Robert says in one of his poems that “with Him there is no great nor small”. [25] I dont consider Mrs Jameson’s comparison “irreverent”, .. though what she added about the connection between tables & carpentry was un peu fort [26] & made me laugh out. She has a very open mind & has heard, I dare say, much more than you read to her from my letter– In Paris a year ago she used to laugh to scorn the whole subject, but nobody now can dispose of this question with a laugh– Nor with a sermon, Arabel! Mr Stratten has no right or reason to conclude that spiritual communications mean perforce Satanic communications—it is very irrational. All the churches are wrong, one as much as another, I do believe, with regard to the spiritual world as state & as relation– The church of Rome goes farther than Mr Stratten. For “madness” &c &c—religion & love have made more madmen than merchandize & voluptuousness .. yet religion & love are none the less surely divine for that. But the truth is that these statistics of madness are immensely exaggerated & incorrect– A Mr & Mrs Thompson [27] have just been here—she just from America .. where her sister Mrs Moett is about to give public readings of my poems, I understand– [28] She tells me that her father [29] who is deeply interested in the manifestations, uses a test which silences & banishes the evil spirits– “Do you acknowledge our Lord & Saviour Jesus Christ”? Again & again she has seen it prevail– They cannot answer or sign—they give place to other spirits instantly– Three days before she left America her little daughter, [30] eight years old, was developped as a medium—but she means to discourage it. “Why,” said I– “Because it sometimes increases nervous susceptibility– One of my sisters [31] is a medium, & now she is afraid of being in a room by herself, for fear of the spirits manifesting themselves in some unaccustomed way.” —— This is not however the usual consequence of mediumship.

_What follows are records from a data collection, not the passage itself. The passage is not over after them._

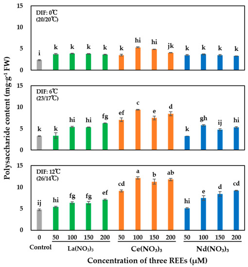 The highest polysaccharide content was observed with 100Ce in DIF12, which was not significantly different from that with the 200Ce treatment in the same DIF but was significantly higher than that of all other treatments (Figure 3). In general, the polysaccharide content increased significantly with the increase in DIF, and the average polysaccharide content with DIF0, 6 and 12 was 3.77, 5.78 and 8.02 mg·g−1, respectively. DIF6 and DIF12 resulted in a polysaccharide content increase of 54% and 113%, respectively, compared to that with DIF0. The average polysaccharide content with La(NO₃)₃ (5.04 mg·g−1) and Nd(NO₃)₃ (5.27 mg·g−1) was not significantly different, but the polysaccharide content with Ce(NO₃)₃ (7.87mg·g−1) was significantly higher than that with the other treatments; the lowest was observed in the control group (3.44 mg·g−1). The polysaccharide content in 100, 150, and 200 μM treatments was 6.59, 6.19, and 6.57 mg·g−1, respectively. The 50 μM treatment led to a relatively low polysaccharide content at 4.89 mg·g−1.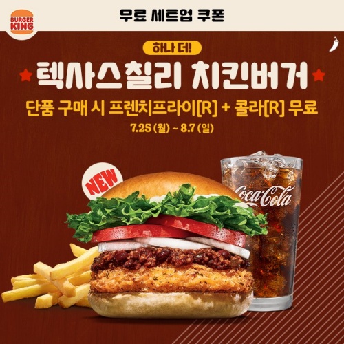 버거킹 행사에서 빠지지 않는 무료 세트업 쿠폰입니다. 텍사스칠리 와퍼와 텍사스칠리 치킨버거는 단품 가격에 세트로 먹을 수 있습니다. 어떻게?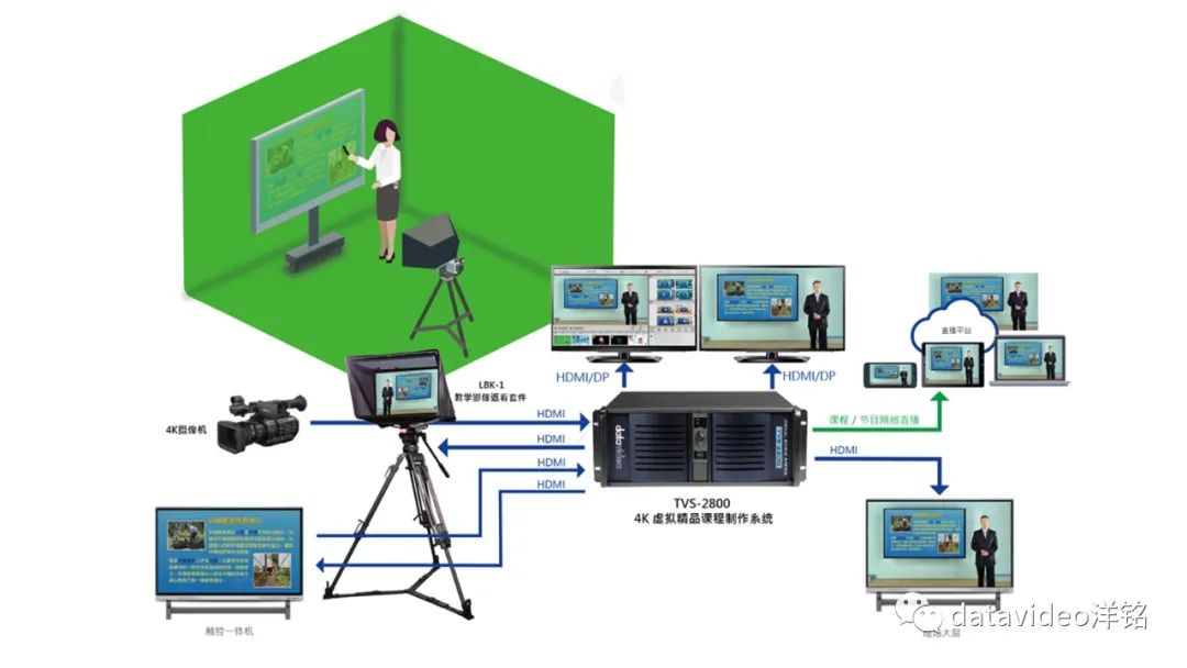 以洋铭TVS-2800为核心的4K虚拟精品课程制作系统,包含“摄、录、编、播”等组成的完整的校园电视台精品课程录制核心系统。

Wilson tells me there is a child [32] here just like Penini—looks like his brother—of the same age—the hair a little longer! (think of that, Arabel!) & a little lighter– His nurse told Wilson that she had said to her mistress .. an English lady .. “For the first time your child has a rival!” and the lady was rather jealous .. just as I am. Penini, for his part, says, “I muss have pottets in mine polta” .. because his double has pockets. After all he cant be a child like my Penini .. I dont believe a word of it. Oh yes, Arabel .. you will love him .. this Penini of ours, .. better & better, as you come to know him– He is so good, this Penini—so good & sweet & true. I have scruples about telling him the common fancy-stories because of his accepting everything as a pure truth– As we were travelling I told him “Jack & the beanstalk,” which delighted him—but I was rather taken aback when he asked me at the end, “Did Jack see God? I sint he muss when he went so high up in the sky.” The next conclusion was, “When we det to Blome I mean to det some beans & plant them– I [33] lite to go up too.”– Almost I felt a sort of remorse—as if I had deceived the child with my story. He believes so entirely in the supernatural that a vision of angels would’nt startle him in the least—of that I am convinced. He asked the other day .. “Can Joe see me?” I said I was not sure .. I did not know—I only knew that God saw him. “Oh yes, God. But if Joe wants velly mush to see me—& if he loots down so ..” (looking down fixedly on the carpet with his body bent) “can Joe see me, you sint?” “Well,” I answered, “I think he can”– Another time he asked .. referring to his medal of the Duke of Wellington .. “Dear Mama, you sint Joe has seen the Dute of Wellyton?” Robert thought the question should be whether the Duke had seen Joe.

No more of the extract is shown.